Editor’s Notes: Online Contests/ Robbie MacIsaac/ ANZAC Day/ Peter MacLeod Tune

Well done to Burntisland Pipe Band for their virtual junior piping and drumming contest Matrix 2020. A great idea which will keep the fingers and wrists moving during these fallow pipe band times. A raft of top judges have been drafted in including Douglas Murray, Shauna Hilder, Lee Innes and Steven McWhirter.

Performances are submitted online (by April 11 please note) and adjudicated at distance. Some great prizes too. All you youngsters off school should be having a go. Details here.

Jori Chisholm too deserves credit. He has launched what he is calling the World Online Piping & Drumming Championships with lots of categories and lots of dollars for the winners. This is great stuff and I hope everyone will support these initiatives. Note to promoters: send PP your info and results. We need all the input we can get right now.

Seven entrepreneurs from across Scotland have been recognised for their innovative business ideas and they include Scottish Power piper Robbie MacIsaac.

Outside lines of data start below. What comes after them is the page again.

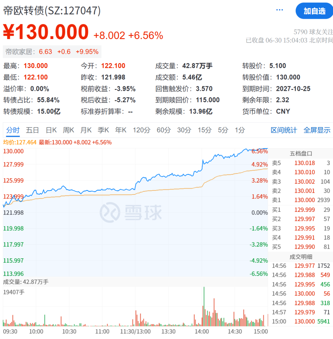 上个月被水华智云举牌的帝欧转债周一正股涨停,转债大涨6.56%,正好收于130元的强赎价。短短一个月时间,就完成了目标。
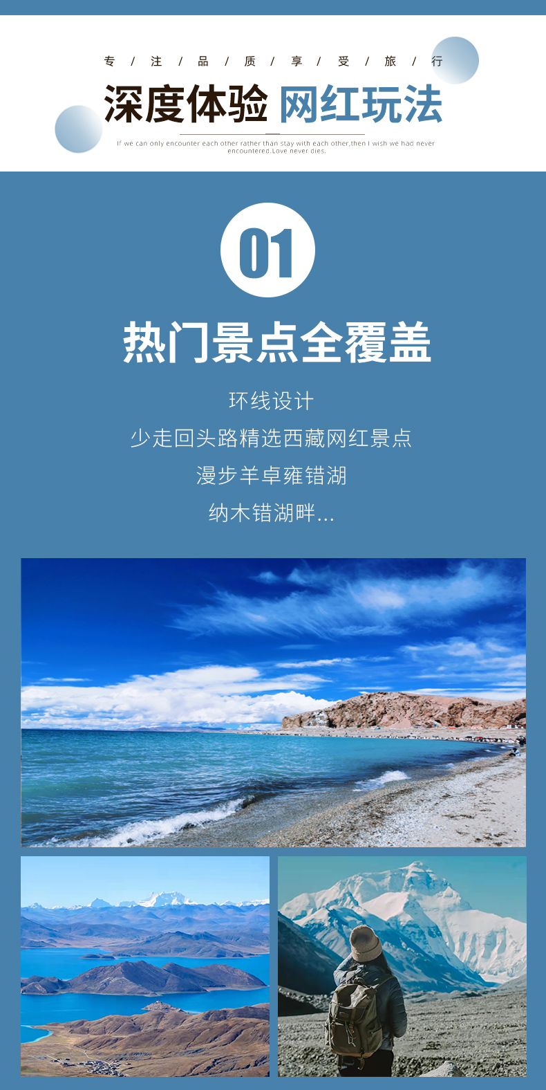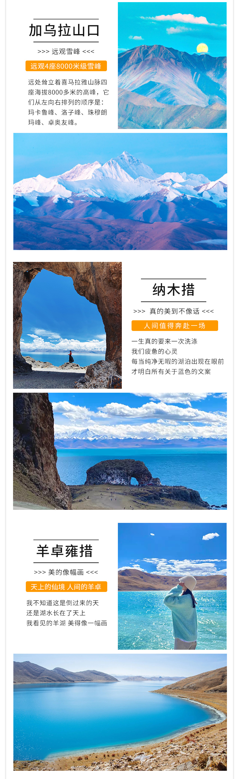 半环湖游览。羊湖蓝色毫无瑕 疵毫无杂色,似用最深邃的面孔与头顶的苍穹对视。 曾经这片壮美一直处于羊卓雍措蜿蜒的身 躯之下,待到她孑然自立,环着羊湖,您能感受到那一汪纯蓝,让人心旷神怡........
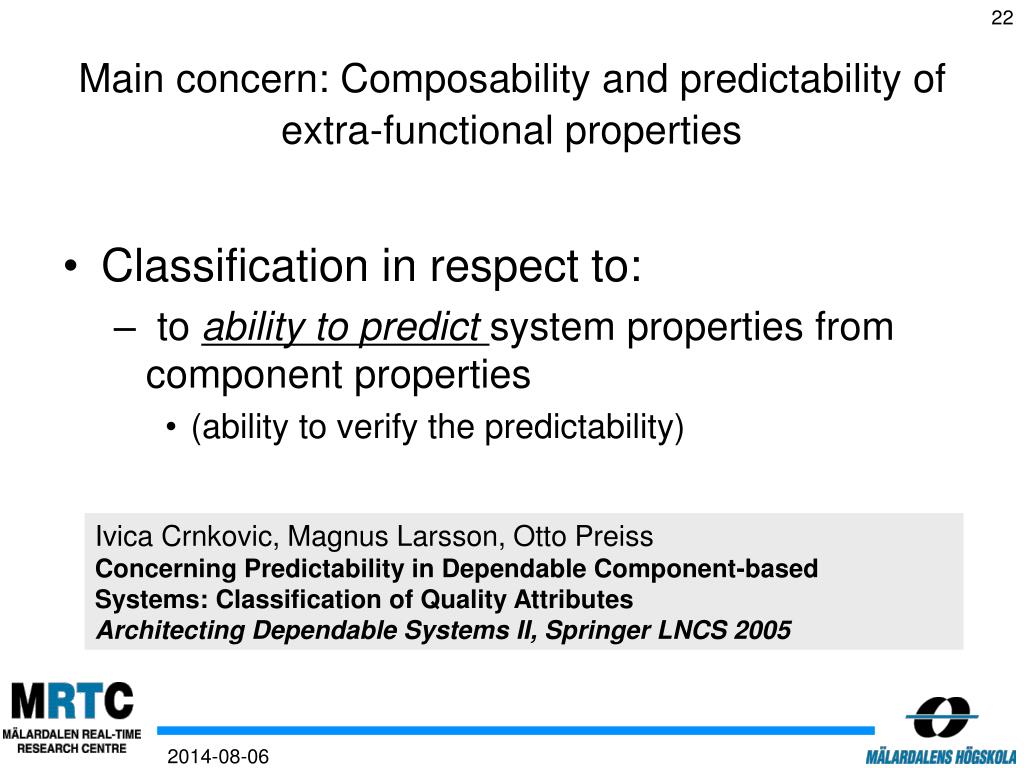 Main concern: Composability and predictability ofextra-functional properties • Classification in respect to: • to ability to predict system properties from component properties • (ability to verify the predictability) Ivica Crnkovic, Magnus Larsson, Otto Preiss Concerning Predictability in Dependable Component-based Systems: Classification of Quality Attributes Architecting Dependable Systems II, Springer LNCS 2005
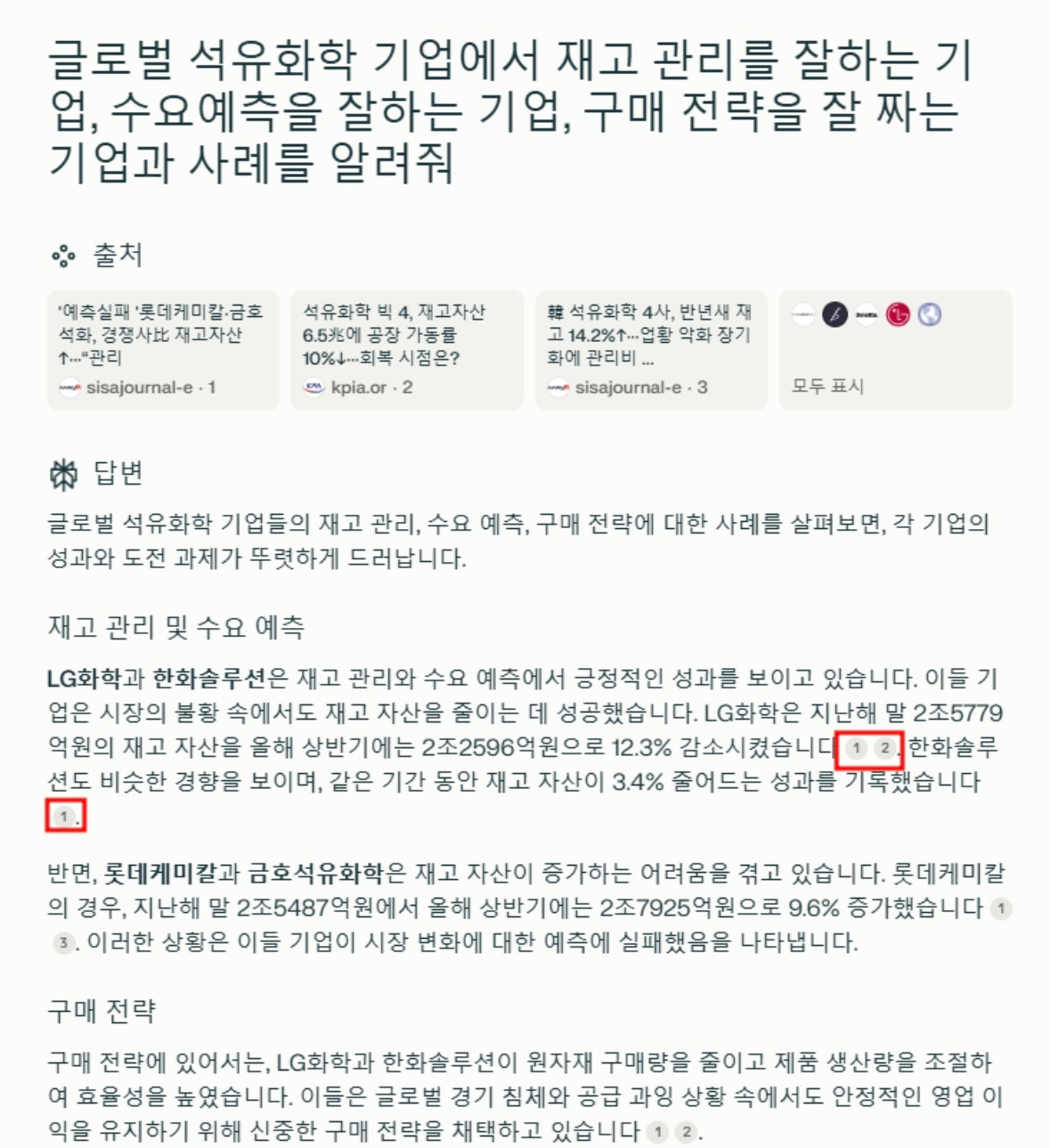찾고자 하는 정보를 입력하면, 기사, 논문, 산업보고서 등 여러 자료들을 검색해서 출처와 함께 답변해 준다.

The blurb: ‘Fresh Ideas’ is Scotland’s longest-running national student enterprise competition for early stage ideas. Run by the Scottish Institute for Enterprise (SIE), 15 finalists were in the running to be awarded a cash prize and continued business support from leading advisors to help progress their change-making concepts.

Entrepreneur Robbie

‘One of the five main winners who received a £1200 cash prize was piper Robbie MacIssac, a first-year University of Strathclyde Product Design student with his FLUX Blowpipe – a bespoke technology for the bagpipe that reduces the risk of a fatal lung disease and prolongs the lifespan of the instrument by cooling and condensing moisture, and then collecting and absorbing it, as the player uses their instrument.’

Congratulations Robbie!

News from Pipe Bands Australia…ANZAC Day celebrations and parades will not take place as scheduled on April 25 due to the pandemic but pipers and drummers are asked to play Amazing Grace on their doorstep at 11am on that day.

PBA are also looking to build up their archive of photographs and newspaper clippings associated with ANZAC Day and contributions should be sent to  president@pipebands.asn.au 

Meanwhile two new inductees to the Pipe Bands Australia Hall of Fame have been announced, Donald Blair OAM and the late Lew Zilles OAM ED. 

  • The influence of Donald Blair as a pipe tutor and educator has spread around Australia and internationally over four decades. He was a pioneering tutor of Victorian Certificate of Education (Year 12) piping students and Donald co-founded of the South West Coast Piper Drummer Dancer Workshop. 
  • Lew was at the forefront of establishing the Victorian Highland Pipe Band Association in 1924. For 50 years drum major Ballarat Highland Pipe Band, made a significant contribution to the writing of drill instruction manuals, acting as an adjudicator until the 1980s. An innovator in band and massed band displays and performances. 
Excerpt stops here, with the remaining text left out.